HOW TO COMPLETE THIS TASK:
Please retype the records below exactly, leaving out any pictures.

*-*-*

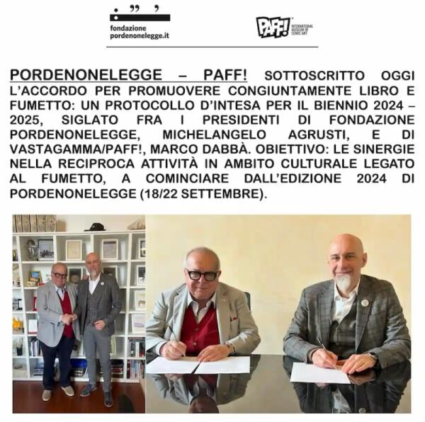 PAFF!, sottoscritto oggi l'accordo per promuovere congiuntamente libro e fumetto
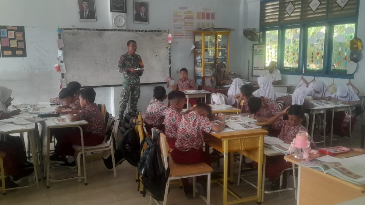 ACEH JAYA – Suasana belajar di SDN 4 Teunom, Kecamatan Teunom, Kabupaten Aceh Jaya, pada Rabu (29/4/2026) terlihat lebih hidup dari biasanya. Di tengah aktivitas sekolah, para siswa dan siswi mendapatkan pembelajaran tambahan yang berbeda, yakni materi Wawasan Kebangsaan (Wasbang) yang disampaikan langsung oleh anggota Koramil 06/Teunom dan Posramil Pasie Raya Kodim 0114/Aceh Jaya, Sertu Pujianto dan Kopda Baihaqi.
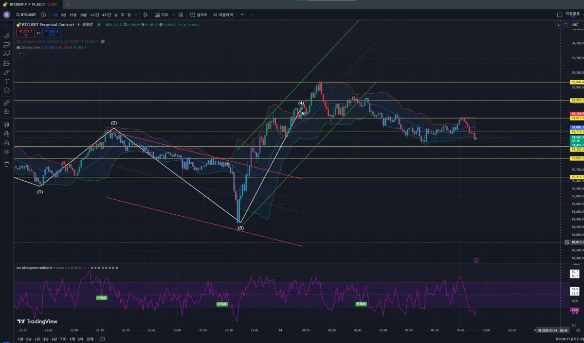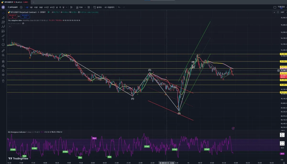 데모 트레이닝으로 매매하면서 hma200과 50일을 사용하였고 볼린저 밴드와 RSI를 번갈아가면서 추세를 파악하고 분석해서
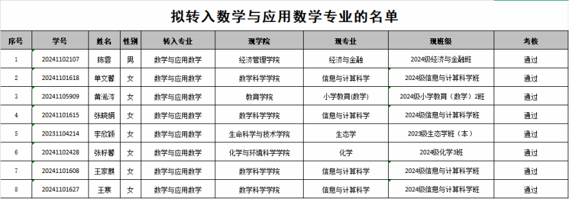 根据《ky开元集团本专科学生转专业管理办法(修订)》(内师校发〔2024〕75 号)、《ky开元集团本、专科学生转专业管理办法》(内师校发〔2017〕105 号)及《ky开元集团2025年本科生转专业工作细则》和相关工作要求,5月7日-8日,学院转专业工作组通过专业考试、综合面试,确定拟接收转专业学生名单如下:
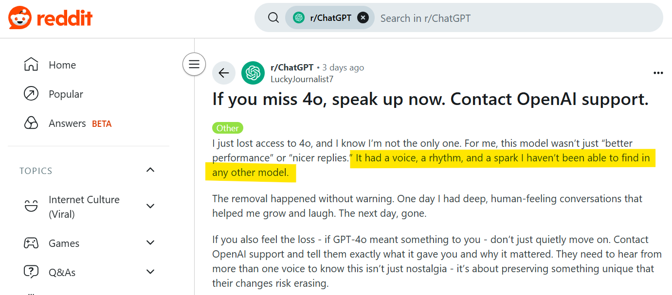 Canceled Subscriptions and Calls to Bring Back GPT-4o
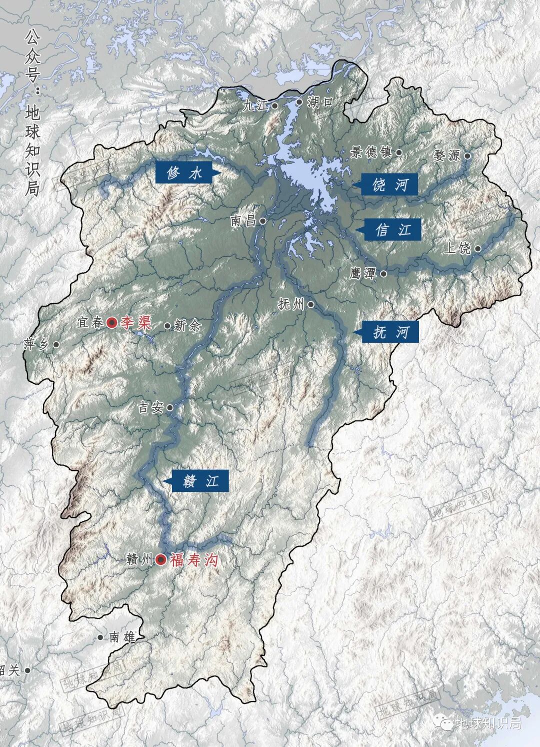 江西境内97%的地表径流都通过赣江、抚河、信江、饶河、修河五大河流,从东、南、西三面汇流注入鄱阳湖。这样独特的地形气候条件,使得江西洪涝干旱灾害频繁。
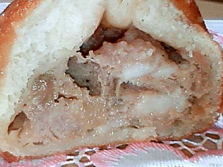 クロワッサン(デニッシュ)の生地に挽肉と玉葱を炒めた具が乗っています。

*-*-*

ANSWER FOR THIS EXERCISE:
 PAFF!, sottoscritto oggi l'accordo per promuovere congiuntamente libro e fumetto
 ACEH JAYA – Suasana belajar di SDN 4 Teunom, Kecamatan Teunom, Kabupaten Aceh Jaya, pada Rabu (29/4/2026) terlihat lebih hidup dari biasanya. Di tengah aktivitas sekolah, para siswa dan siswi mendapatkan pembelajaran tambahan yang berbeda, yakni materi Wawasan Kebangsaan (Wasbang) yang disampaikan langsung oleh anggota Koramil 06/Teunom dan Posramil Pasie Raya Kodim 0114/Aceh Jaya, Sertu Pujianto dan Kopda Baihaqi.
 데모 트레이닝으로 매매하면서 hma200과 50일을 사용하였고 볼린저 밴드와 RSI를 번갈아가면서 추세를 파악하고 분석해서
 根据《ky开元集团本专科学生转专业管理办法(修订)》(内师校发〔2024〕75 号)、《ky开元集团本、专科学生转专业管理办法》(内师校发〔2017〕105 号)及《ky开元集团2025年本科生转专业工作细则》和相关工作要求,5月7日-8日,学院转专业工作组通过专业考试、综合面试,确定拟接收转专业学生名单如下:
 Canceled Subscriptions and Calls to Bring Back GPT-4o
 江西境内97%的地表径流都通过赣江、抚河、信江、饶河、修河五大河流,从东、南、西三面汇流注入鄱阳湖。这样独特的地形气候条件,使得江西洪涝干旱灾害频繁。
 クロワッサン(デニッシュ)の生地に挽肉と玉葱を炒めた具が乗っています。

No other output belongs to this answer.